In 1998 Patel went back, this time with about 50
stethoscopes, more books and 20 pacemakers donated by technology companies such
as Medtronic, Guidant and St. Jude Medical.
"I just asked them," Patel said, sounding amazed at his own
chutzpa. "As I’d gone through training I’d realized the power of the people I
knew. As I grew in my career, my ability to ask people to step up also grew
exponentially."
Advocate Lutheran also has helped Patel by donating the
hospital’s older equipment. Valued at nearly two million dollars so far, the
donations have included defibrillators and incubators for infants.
"Dr. Patel volunteers his time in Kenya, teaches and does
procedures there for free," said Mike Raslau, supervisor of biomedical
engineering at Advocate Lutheran. "I think he’s a great guy, very smart, capable
and down to earth, too."
As an interventional cardiologist, Patel also has the skills
to implant pacemakers. In Kenya, patients who need pacemakers must pay for them
before going to the hospital. Those who can’t afford the devices, do without.

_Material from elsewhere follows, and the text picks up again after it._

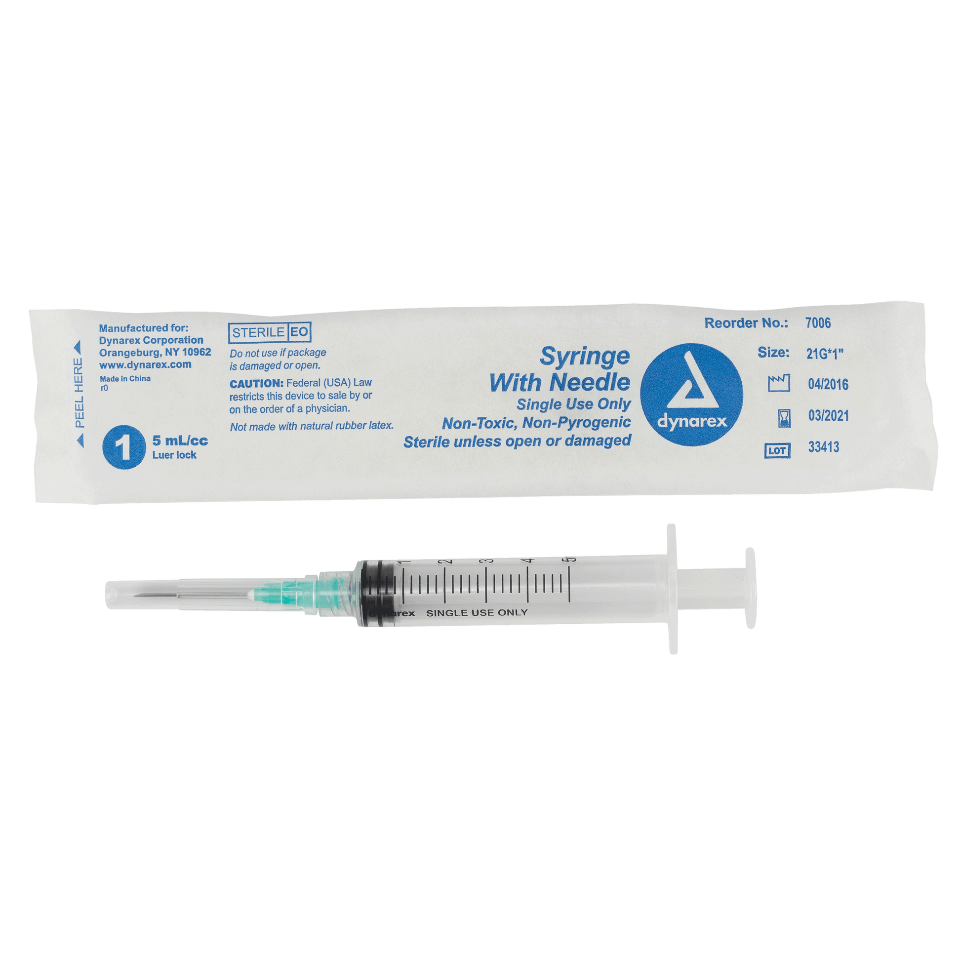 Syringe - Non-Safety with Needle - Luer Lock, 21G, 1" Needle, 5 cc, 4/100/cs

"Many times a person with a heart condition that would
respond to a pacemaker can’t walk or work in the fields," Patel said. "It’s
devastating to their families. In Kenya there is no social net, no disability
benefits. Each time I visit there are people who’ve been in the hospital for
months. Their families are doing fundraisers to collect money for the pacemaker
and the fee to implant it."
To counter such situations, Patel now is building a pacemaker
bank within his uncle’s company. Patients apply for the devices. They are
distributed to those in greatest need for a small processing fee, one-tenth to
one-twentieth of the actual cost.
In January 2006 Patel made a 13-day visit to Kenya with
biomedical technician Arvinder (Raju) Bharaj. Bharaj, born in Jalandur in the
state of Punjab, India, met Patel while working in Kenya as an engineer for Fuji
Kenya, a company that supplies medical equipment. Today Bharaj runs Ecotech, a
Toronto company that he founded to supply medical technology equipment to
clients in East Africa and Zambia.
In Kenya with Patel, Bharaj installed machines including ICU
monitors, defibrillators, infant warmers, incubators and ultrasound scanners,
converted the machines to local voltage and made sure they were in working
order. He helped Patel train hospital staff members to use the machines, and
trained local technicians on how to maintain the machines.

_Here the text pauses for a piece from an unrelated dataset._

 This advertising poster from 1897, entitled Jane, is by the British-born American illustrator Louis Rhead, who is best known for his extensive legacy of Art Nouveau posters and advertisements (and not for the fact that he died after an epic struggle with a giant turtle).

"I am uniquely suited to this job because I have extensive
contacts within the medical fraternity in Kenya who can advise us on where the
need is greatest," Bharaj said. "I know local regulations for shipping and
clearing, and local engineers and technicians who will be able to provide
technical support in the long run. And I speak Swahili, which is the commonly
used local language."
Global FICS
Patel’s efforts come at a cost. Each item he sends to Kenya
must be shrink-wrapped, placed in a shipping container and sent on a five-to-six
week truck, train and ship trek around the world. Each container costs
$4,000-to-$5,000.
Until recently news of Patel’s work and his need for support
has spread by word-of-mouth. One U.S. patient, feeling grateful after receiving
a pacemaker, paid for the shipment of two equipment-bearing containers.
As the project continued to grow, Patel realized he needed a
structure in which to raise funds for it. In 2004 he founded an NGO, Global FICS
(Foundation for International Cardiovascular Services), with the mission of
training, educating and providing the infrastructure to foster the development
of the healthcare system in Kenya. He hopes the NGO will help create buzz for
his work.
"What I started has taken on a life of its own," Patel said.

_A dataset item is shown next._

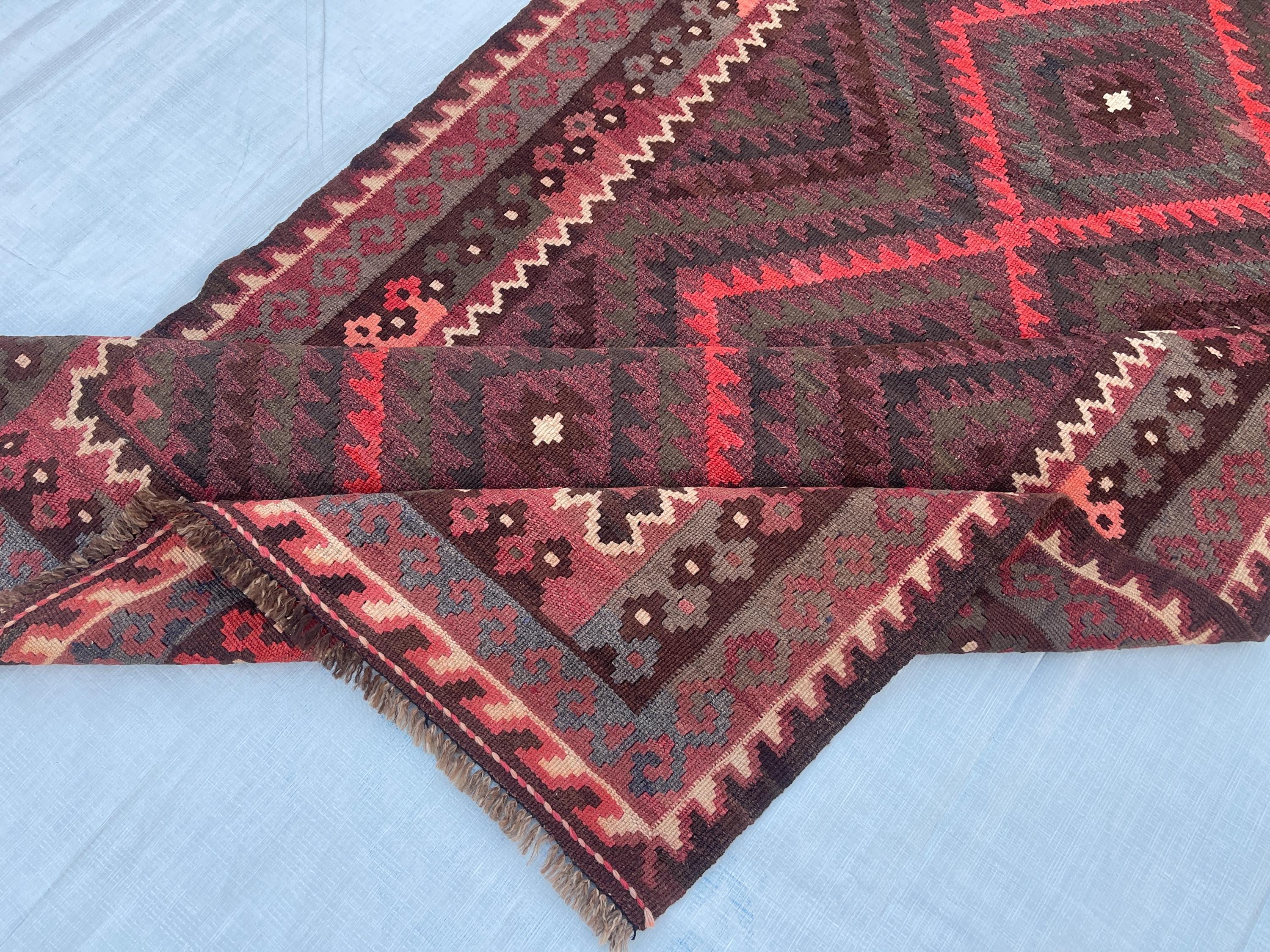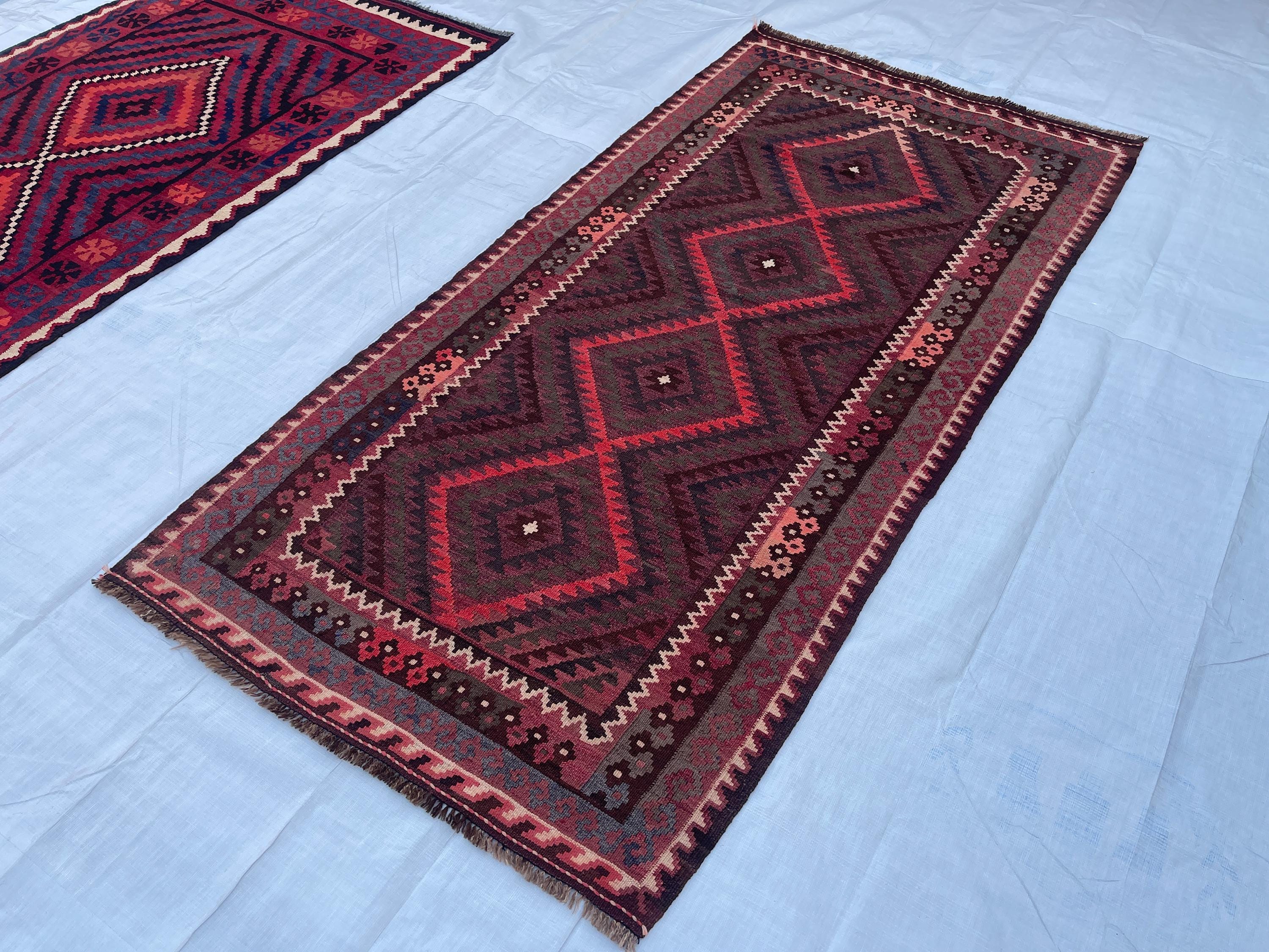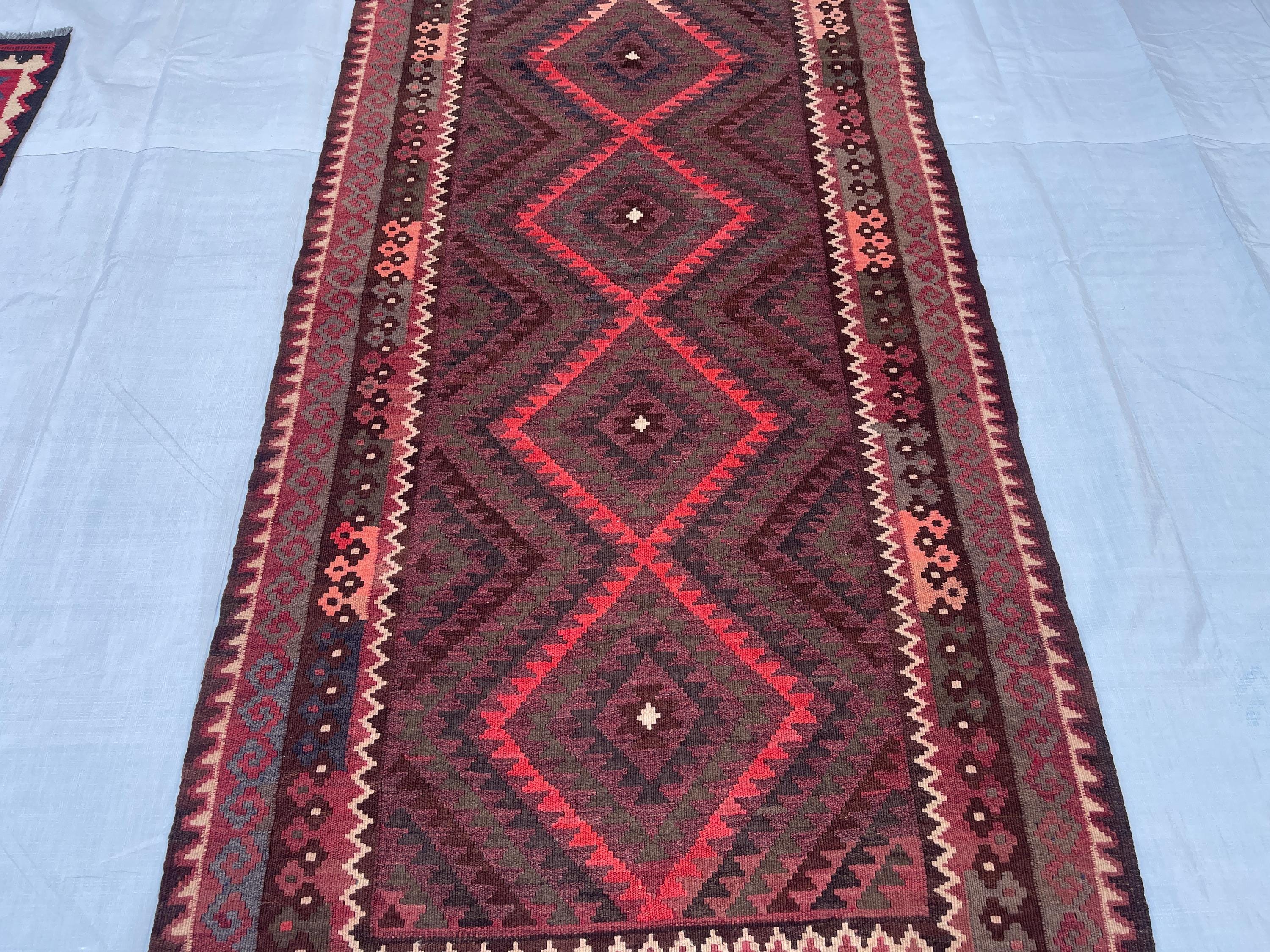 Faded Terracotta Afghan 4x7 ft Kilim Rug - Turkmen Maimana Veg Dyes Wool Antique Rug 3.5x7 ft - Traditional Vintage Oriental Rug 104x213 cm

"I’ve always been an idealistic dreamer and it’s hard for me to believe that my
little successes have led to this. My goal is to bring up the infrastructure in
Kenya over the next decade so that they have the basics. My idealism is driving
me despite corruption, poverty, war, illness and crime. I still believe that the
region is rich in people and that it is a resource worth saving."